Secondly, and perhaps more interestingly, Kurian said that the key is performance improvements and optimization of the models themselves. He explained:
One of the reasons that we talk about performance improvement and optimization is that you need to spend a lot less compute time, and therefore a lot less energy watts, in order to train a model. When we say we can run a model training two times faster and better than other companies in the industry, it means you need half the amount of energy to train our model.
And finally, Kurian sees AI playing a role in actually helping companies achieve their sustainability goals, by using models to solve energy problems more efficiently. He said:
We are applying our models in a variety of different places. And there are customers actually at this conference talking about how they’re using the models in a sustainability context. We see the models as providing, for example, better solutions for sustainable sourcing.
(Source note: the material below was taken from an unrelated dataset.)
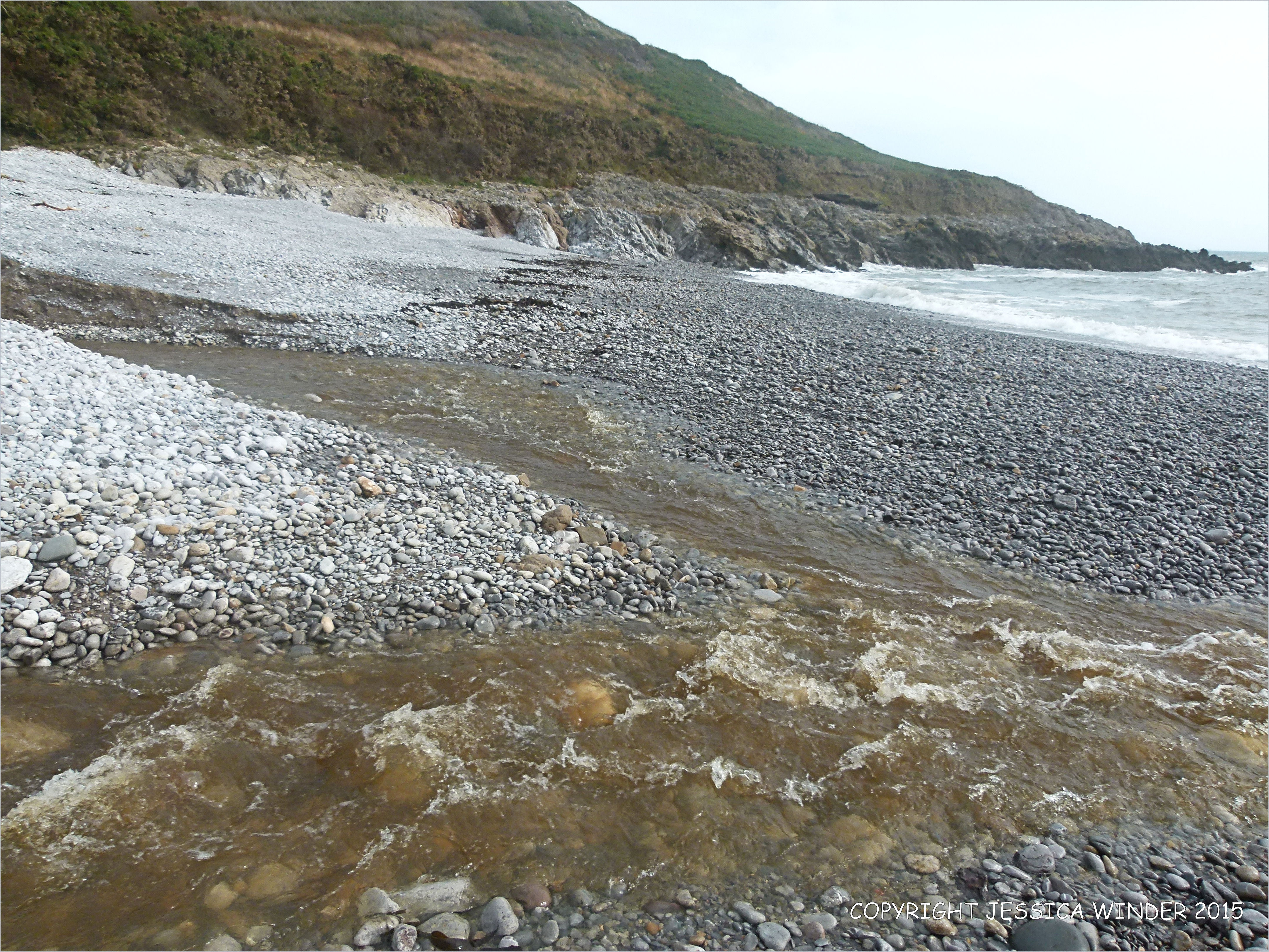 Pwll Du Shingle Banks 19 – Two streams of water flowing into the sea from the base of shingle banks that dam the Bishopston Pill river at Pwll Du Bay in Gower, South Wales.

Just as one practical example, we run our own data centers using our models. The whole thermodynamics, power, air cooling, water cooling, airflow – we use our models to manage that. That is a public study that we have published our research on. And we’ve made those models available to partners, including sustainable energy companies.
It’s early days in the field of AI, no matter what vendors will tell you. I think what Google Cloud has going for it – as Kurian highlighted – is that it can integrate AI into an organization’s business processes, whilst also providing a range of services throughout the whole technology stack. Customers are looking to vendors who can provide flexibility and help solve their AI queries, across their business, with ease. The customers we’ve spoken to this week are particularly supportive of Google Cloud’s willingness to be adaptive to their specific use cases. The challenge Google Cloud will face is penetrating businesses that are already tied into another vendor for a range of other services (e.g. Microsoft), who are now offering their own AI tooling. Can Google Cloud tempt them away? Quite possibly, but time will tell. What I will say is that there have been a wide range of big name customers talking publicly this week about how Google Cloud is proactively supporting them with their AI needs – and that is always a good sign.